The faction uniform project. Star Wars has one of the most visually distinctive uniform systems in any franchise – each faction’s soldiers and leaders wear specific colors that immediately communicate allegiance. Research and color one page from each major faction: a Jedi (warm brown robes), a Sith (black robes), a Rebel Alliance soldier (orange flight suit or grey ground uniform), an Imperial Stormtrooper (white armor), a Shock Trooper (red-marked white armor), a Mandalorian (silver beskar or clan-colored armor). Display the six pages together as a faction color chart. This activity produces a genuinely useful visual reference for any Star Wars fan and teaches the visual design principle of using consistent color to communicate identity at a glance.
The Star Wars Day fan art showcase. Star Wars Day (May 4th – “May the Fourth Be With You”) is the official worldwide celebration of the franchise. In the weeks leading up to May 4th, color one page per day from this collection – a different character or sub-collection each day. On May 4th, display the completed pages together as a personal fan art showcase. This countdown structure – similar to an advent calendar – gives the coloring activity a festive purpose and deadline, and the finished collection becomes a record of which characters mattered most to the colorist that year.

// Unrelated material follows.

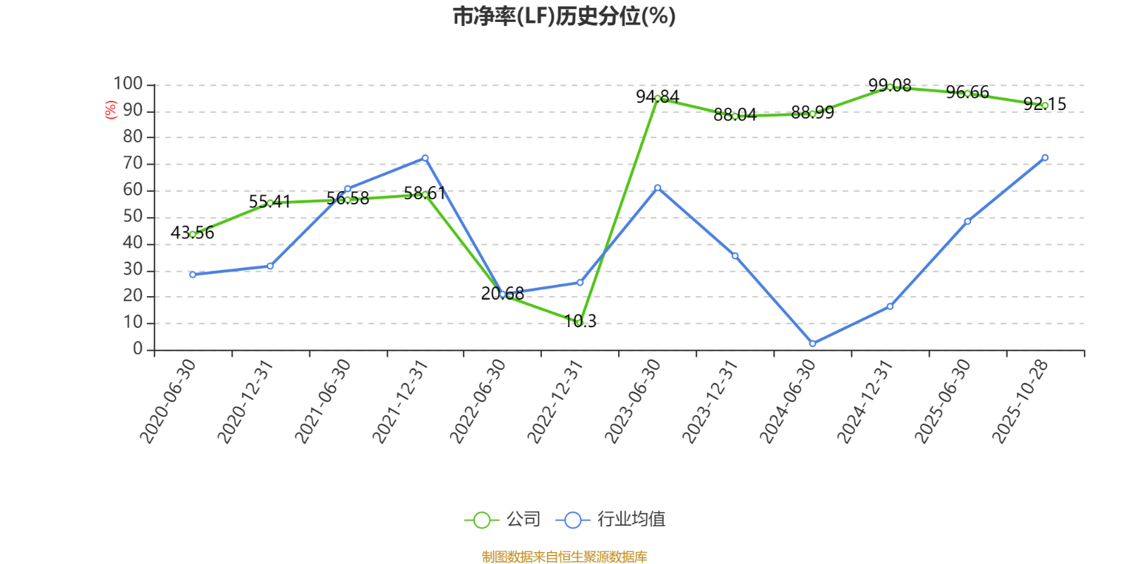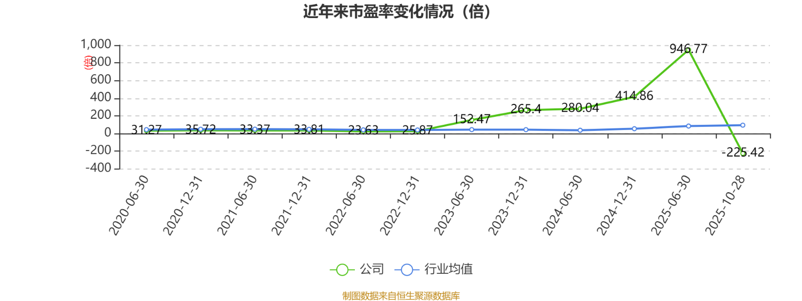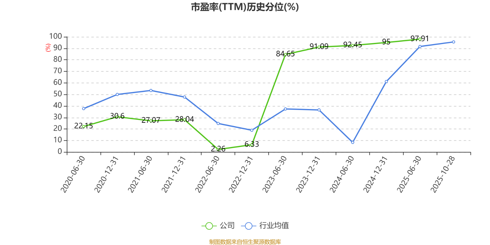 市盈率、市净率为负时,不显示当期分位数,会导致折线图中断。

The “light side vs dark side” diorama. Using any battle or confrontation pages from the collection – lightsaber duel pages are ideal – color the Jedi characters in warm, golden-adjacent palettes (even beyond their canonical colors, these characters can be surrounded by warm amber light) and the Sith in cooler, darker palettes with red accent lighting from their blades. Cut out the colored figures and mount them facing each other on a backing piece of paper, with a dramatic background drawn between them: the stars of space, the lava fields of Mustafar, the forest moon of Endor. The visual contrast between the warm-lit Jedi and the cold-lit Sith, physically staged facing each other, creates a miniature dramatization of the saga’s central moral conflict that children can explain and discuss – understanding, through the act of coloring and staging, why the visual design of the franchise encodes its deepest themes in light and color.